The making of Louis Armstrong’s Black & Blues – how the album came to be and what it meant to the legendary musician

The challenge of deciding the most popular pop culture icon of the 20th century isn’t an option to take on. But, if given the chance to pick, Louis Armstrong would be the best choice. He was one of the main movers of contemporary jazz and played an important role in its development into the form we know today. America’s tale of vibrant hopes and brutal oppression written in his bones–he turned his rendition of the Star-Spangled Banner into a fractured song of anger and pride long before Jimi Hendrix did. Being able to hear his unbeatable exuberant purr or hit one of his well-known sweet high notes is truly an exhilarating experience.

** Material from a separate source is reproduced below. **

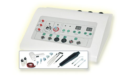 VACCUM:the vacuum function removes any surface debris and aids in the cleansing process.Comes with glass attachments and tubing SPRAY: the sprayer allows you to lightly shower the skin with your favorite revitalizing toner or mist.Comes with 2 spray bottles and tubing HIGH FREQUENCY: An essential for every esthetician,High frequency is an incredible way to invigorate circulation by stimulating cells beneath the skin. High frequency waves have an anti-bacterial action that aid in decongestion of the pores & aid in treating acne clients.Unit includes high frequency handle, acne electrode, spoon electrode and mushroom electrode.The frequencies are adjustable.User Friendly -Easy to Operate. FACIAL BRUSH:Rotary Brush unit. Cleanses, exfoliates, and rejuvenates the epidermis while enhancing blood circulation. Clients skin is left soft and radiant after each session.Unit includes- a brush gun, 1-lrg brush, 1-sml brush, 1-lrg sponge/buffer, 1-sml sponge / buffer and 1-solid surface buffer. GALVANIC: assists in deep penetration of active substances for iontophoresis and desincrustation techniques. Cont: both (+& -) charges.Comes with all attachments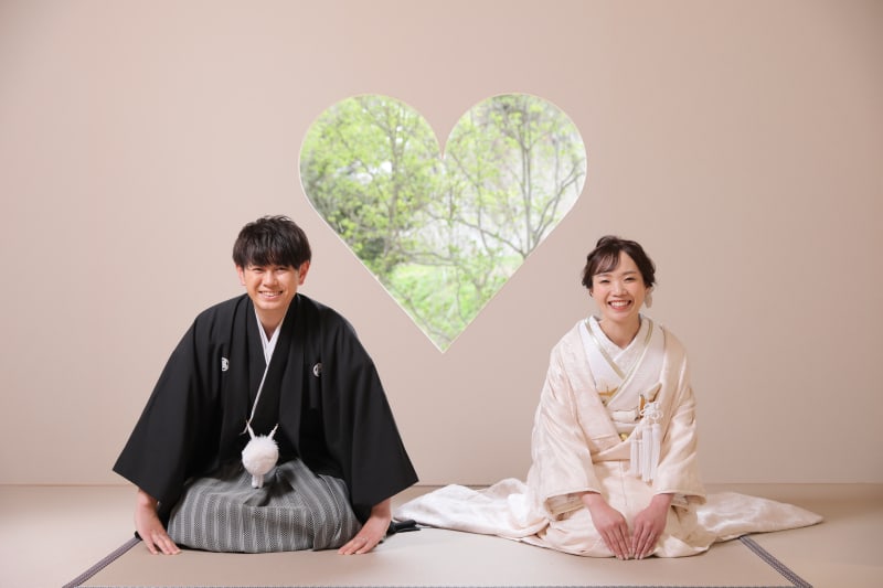 お外では撮影できない正座撮影も店舗内にある猪目窓(ハートの窓)の前で撮れちゃいます♫

The C was his trumpet and he gave the details with an amiable knowledge that was fair. Through a career spanning more than two decades The world began to love Louis Armstrong, but he truly belonged to America–even if the country didn’t merit his. Sacha Jenkins’s enthralling documentary on Louis Armstrong’s Black & Blues entwines Armstrong’s story with that of the time he shaped through the Jazz Age, through the Depression and the Civil Rights Movement, to the era of Vietnam as well as that of the Cold War.

This animated animation showcases the adoring home of Armstrong and Queens, Corona. Jenkins documentary series include the survey of hip-hop style Fresh Dressed along with *******’ The Sounds and Fury of Rick James which is from .

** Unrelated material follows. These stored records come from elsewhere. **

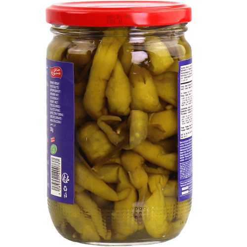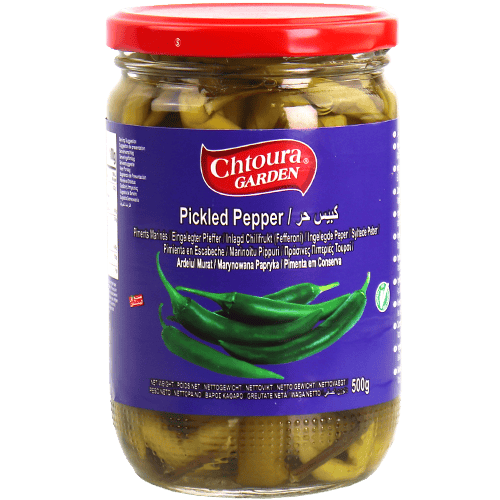مخلل فليفلة حارة بمرطبان 500غ، طعمه حامض ولاذع ويقدّم كمقبلات/مخلل جنب الأكل.
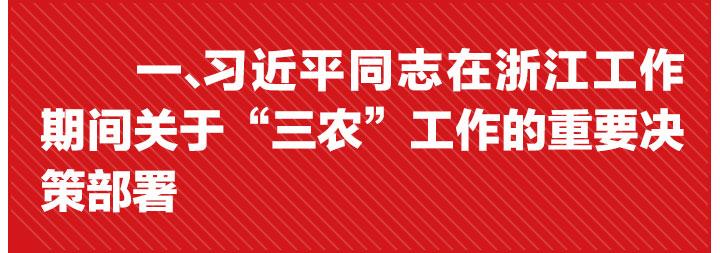 在浙江工作期间,习近平同志跑遍所有县(市、区),深入农村基层,深入田间地头,了解“三农”发展实情,围绕发展农业、造福农村、富裕农民,提出了一系列思想观点和政策举措,在省域层面对破解“三农”发展难题进行了创新性探索。
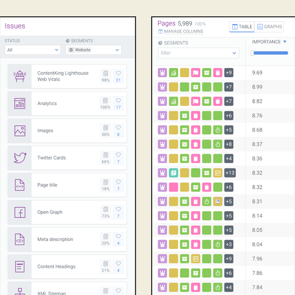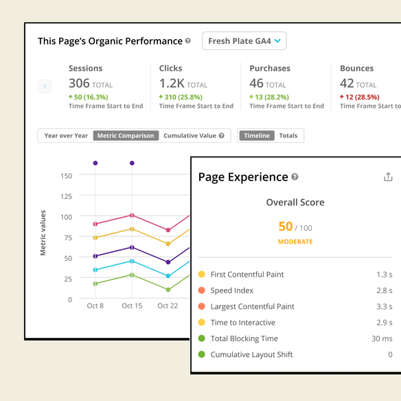 Get the complete picture of website performance with content measurement side-by-side with technical health insights to tie action to impact, make more informed decisions, and seamlessly prioritize optimizations.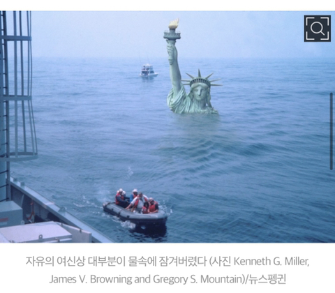 사진 속 자유의 여신상은 거의 어깨까지 물이 차올랐다. 사람들은 보트를 타고 근처를 돌아다니고 있다.

The wisdom of authors such as Stanley Crouch and Amiri Baraka along with the more modern trumpeter Wynton Marsalis have helped to bring light to the amazing talent of Louis Armstrong. Marsalis says that in spite of the pleas from his father, pianist , and educator Ellis Marsalis, it took some time to appreciate Armstrong’s talents; however, he was unable to be able to accept his style of conduct as an entertainer, which considered to be a type of Uncle Tom routine designed to pander to white folks.

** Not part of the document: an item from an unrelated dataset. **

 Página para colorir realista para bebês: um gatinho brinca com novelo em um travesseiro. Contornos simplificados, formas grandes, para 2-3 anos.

Armstrong had it all. His talents in music were independent of his character as a performer. Armstrong was loved and respected around the world. Jenkins decided to use the live footage for the reason. Armstrong, as a young man, takes to the stage first in New Orleans, then later, in Chicago the city where his music career started off. The performance from “Mack The Knife” is a marvel of vocal phrasing. The lyrics appear to being soaring over the waters of his charming growl.

Armstrong was a singer and played the piano. It was his method to show his respect for his country , as well as his deep disappointment. A performer, entertainer and public figure, Armstrong both bestowed blessings and appreciated them. A TV clip from the era of the s features Armstrong with Peter Davis (an early music teacher) who describes his pupil’s talents. Both are standing side-by-side and it’s not possible to see who’s happier.


As you watch the video footage of Armstrong’s performances shows that he truly was an absolute expert in his field. Armstrong was a master of music and was able to engage with the audience unlike other musicians could. His warmth and personality are evident in each performance, making it easy to see why he was so respected and loved by fans throughout the world.